Do your figures take into effect 'ground effect' flying?
I don't usually bother, though the calculations could be made more
accurate by doing so. Ground effect will not allow large pterosaurs to
launch bipedally, though. The effect is insufficient in magnitude to
solve the problem at hand (that much I have confirmed, at which point I
usually just leave it out).
I mapped sequential photos of a pelican taking off (I can send this
via a non DML email). Although the pelican is airborne immediately,
the acceleration over a half dozen frames is easy to measure while
flying in ground effect. Maybe, like pelicans and herons the
availability of ground effect means pterosaurs don't have to reach
cruise speed within a second after take-off? Perhaps a trajectory in
big pteros lower than 30º would be equivalent (i. e. ultimately
leading to flying at cruise speed)?
Ground effect doesn't help quite that much. Besides, a biped launch
doesn't get many pterosaurs even close to cruise speed - they need to
get at least close enough for an anaerobic burst window to finish the
job. And there remains the lingering issue that pterosaurs are so well
built for quad launching and so poorly built, as a general rule, for
Looks like: 1) crouch simultaneous with wing unfolding and upbeat. 2)

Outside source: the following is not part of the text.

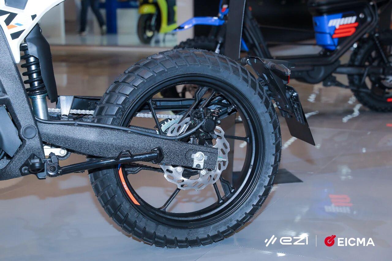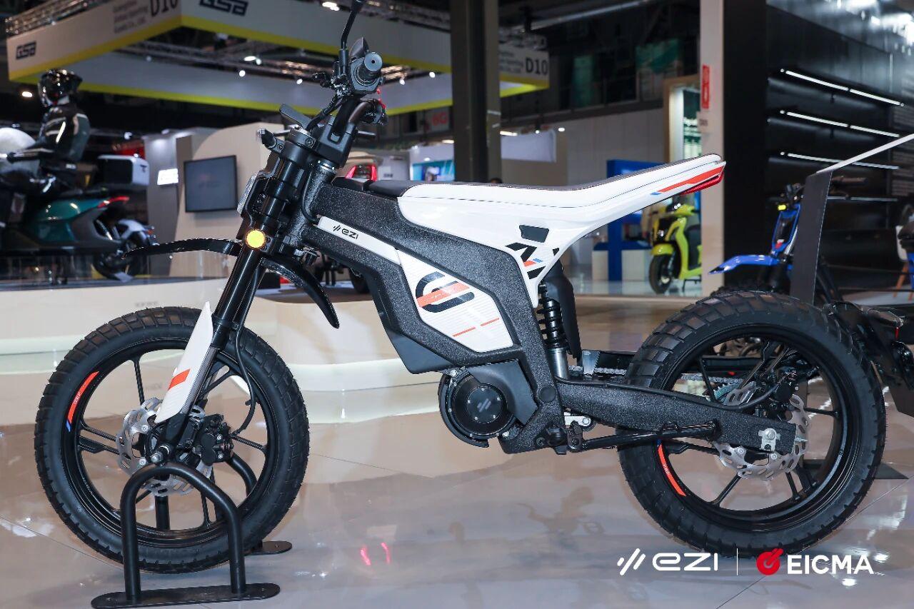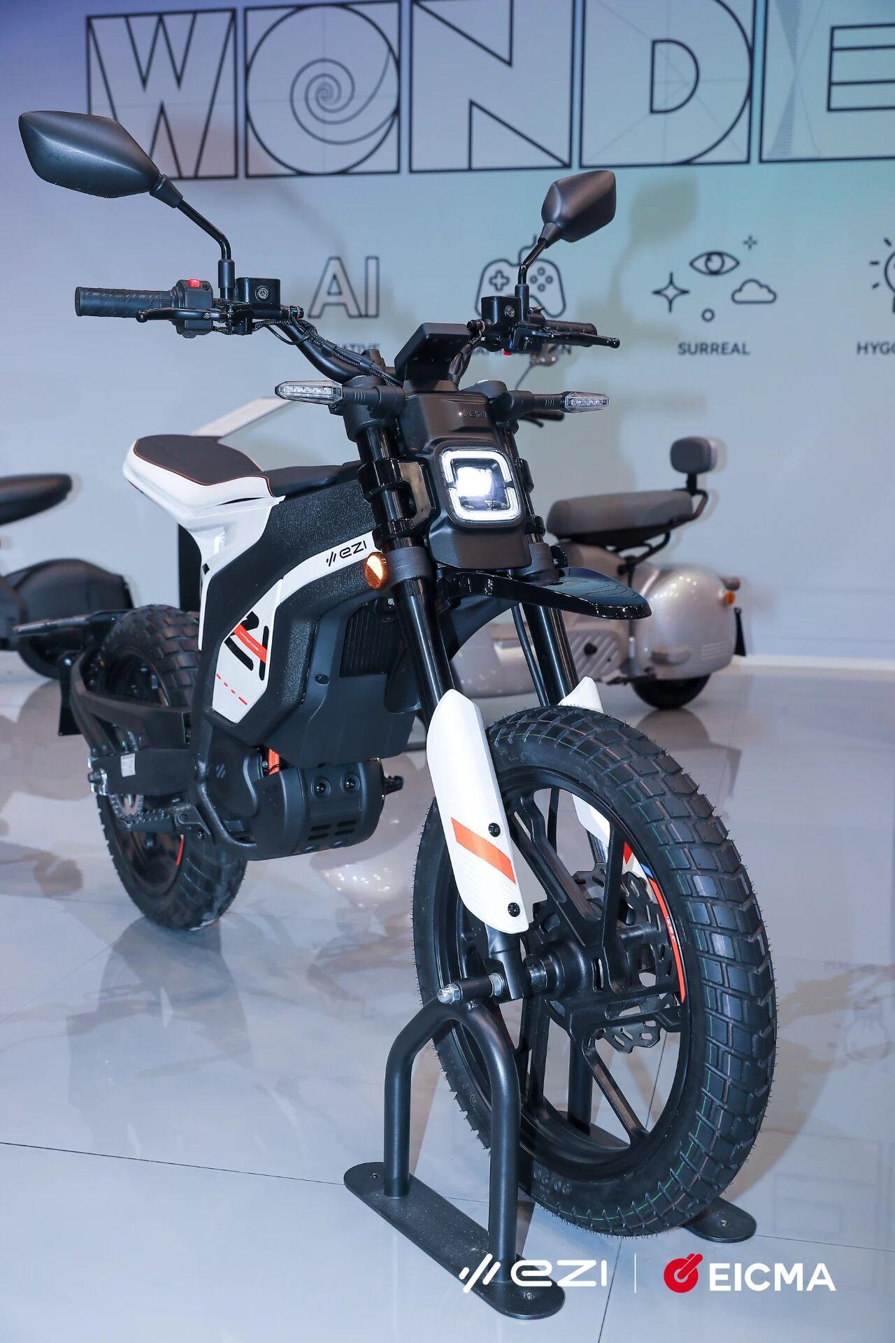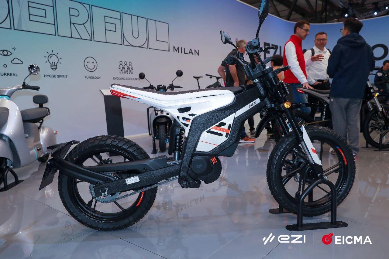 此前关于这台电动车型的信息并不多,在北京摩展和摩博会上确实有过展示但基本没有引起车友的关注。在刚刚结束的米兰国际车展上 EZI 的展台上有它的身影,整车外观一眼就能看出极具越野调性的定位,一体式的座椅、高位前挡泥板以及越野轮胎等。值得一提的是这台车采用了铝合金车架及后摇臂结构,整备质量仅95KG,可想对于通勤而言非常轻便。

hindlimb extension simultaneous with first downbeat. No surprises.
Probably common to most birds.
The hindlimb impulse precedes the production of most of the aerodynamic
force production - at least, that's true for all birds so far tested
So, I'm gathering from the video that a large amount of thrust is
generated by the wings along with thrust from the hind limbs. Which
seemingly relieves the hindlimbs of a large amount of duty -- which
was a major concern of yours.
The wings do not produce much launch force - that is the real kicker
here. As David M. correctly ascertained, about 90% of the launch force
(in birds) comes from the hindlimb impulse. The wings are not
traveling fast enough to generate much force. Even hummingbirds, with
their tiny legs, produce 59% of their launch force from the hindlimbs
(see work by Tobalske).
The upshot of this is that hindlimb skeletal strength scales very
rapidly in birds - such that large species have disproportionately
strong femora. The humeri scale much more slowly, by comparison.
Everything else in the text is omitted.